The ideal suture for use within the urinary tract should maintain its tensile strength until wound repair is satisfactory and then it should undergo rapid total absorption without promoting stone formation. The bladder has a great potential for repair, attaining 100 per cent of the strength of the unwounded tissue in 14 to 21 days. Braided synthetic absorbable sutures appear to be suited ideally for closure of incised wounds of a urinary conduit. They maintain their tensile strength for approximately 21 days, during which time the healing tissues regain strength rapidly. Because sutures are foreign bodies and have access to urine, they may serve as a nidus for stone formation. Several factors that have been identified as important determinants of foreign body urolithiasis include the presence of urine, urine volume and pH, infection, physical and chemical configuration of the foreign body, and animal species. The incidence of suture urolithiasis is related directly to the duration in which the sutures are present in the urinary tract. Consequently, absorbable sutures are preferred over nonabsorbable sutures for closure of wounds of the urinary conduit.

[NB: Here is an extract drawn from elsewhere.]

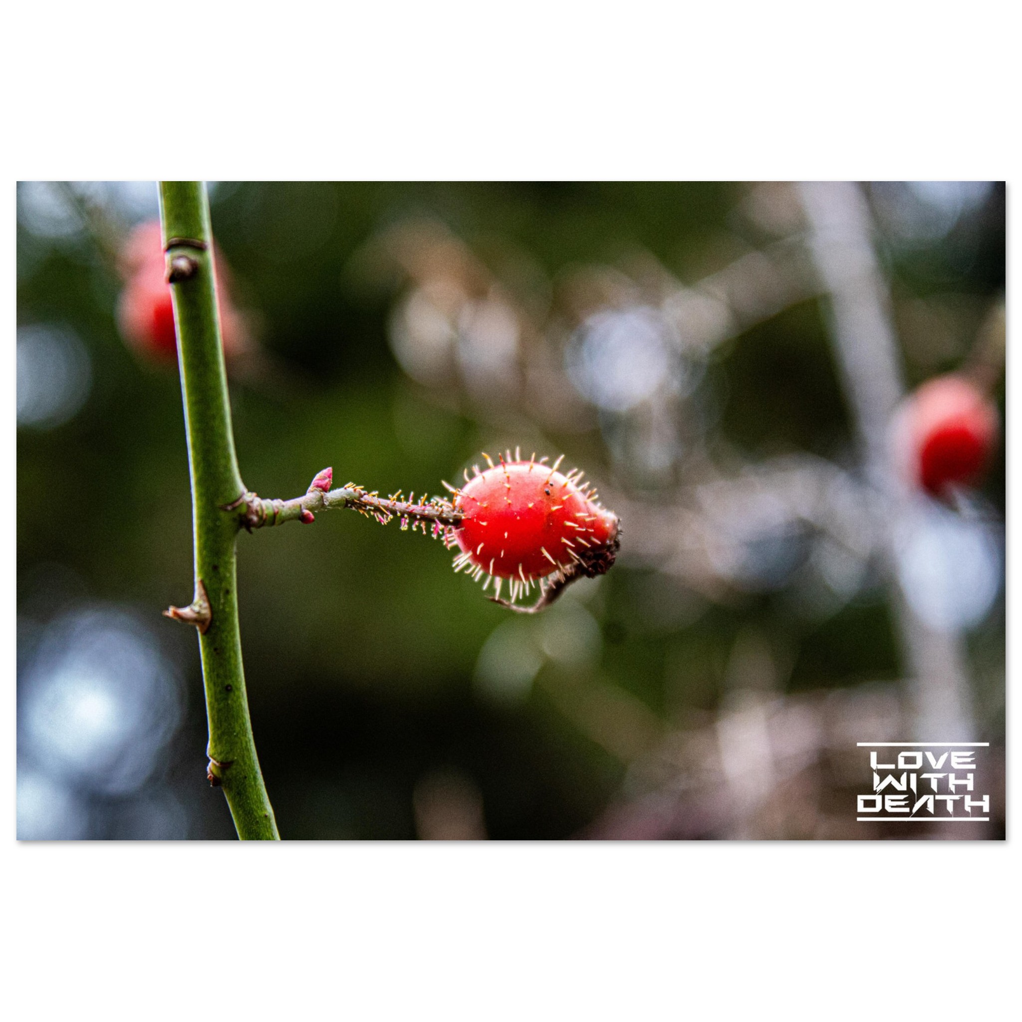 A close-up of a red rosehip, characterized by its fine, spike-like structures. The soft, blurred background emphasizes the vibrancy of the colors and details of the rosehip. This image perfectly captures the contrast between nature’s delicacy and resilience.

In the absence of infection braided synthetic absorbable sutures have distinct advantages over gut sutures for closure of urinary tract wounds. They are absorbed by nonenzymatic hydrolysis in a predictable manner with limited inflammatory response. In contrast, gut sutures have an unpredictable absorption rate by enzymatic degradation and elicit an exaggerated inflammatory response. Because infected urine, especially Proteus species, accelerates the degradation of absorbable synthetic sutures to a greater degree than gut sutures, wound closure in the presence of infection should be accomplished with the absorbable natural fiber suture. Nonabsorbable sutures or staples should not be used in the urinary tract because they predictably promote urolithiasis.

摘要

用于泌尿道的理想缝线应在伤口修复令人满意之前保持其拉伸强度,然后应迅速完全吸收,且不会促进结石形成。膀胱具有很强的修复潜力,在14至21天内可达到未受伤组织强度的100%。编织合成可吸收缝线似乎非常适合用于闭合尿路造口的切开伤口。它们可保持拉伸强度约21天,在此期间愈合组织会迅速恢复强度。由于缝线是异物且接触尿液,它们可能成为结石形成的病灶。已被确定为异物性尿路结石重要决定因素的几个因素包括尿液的存在、尿量和pH值、感染、异物的物理和化学结构以及动物种类。缝线性尿路结石的发生率与缝线在泌尿道中的存在时间直接相关。因此,对于闭合尿路造口的伤口,可吸收缝线比不可吸收缝线更受青睐。在没有感染的情况下,编织合成可吸收缝线在闭合尿路伤口方面比肠线有明显优势。它们通过非酶水解以可预测的方式被吸收,炎症反应有限。相比之下,肠线通过酶降解的吸收速度不可预测,并引发过度的炎症反应。由于感染的尿液,尤其是变形杆菌属,比肠线更能加速可吸收合成缝线的降解,因此在有感染的情况下伤口闭合应使用可吸收天然纤维缝线。不可吸收缝线或吻合钉不应在泌尿道中使用,因为它们可预见地会促进尿路结石形成。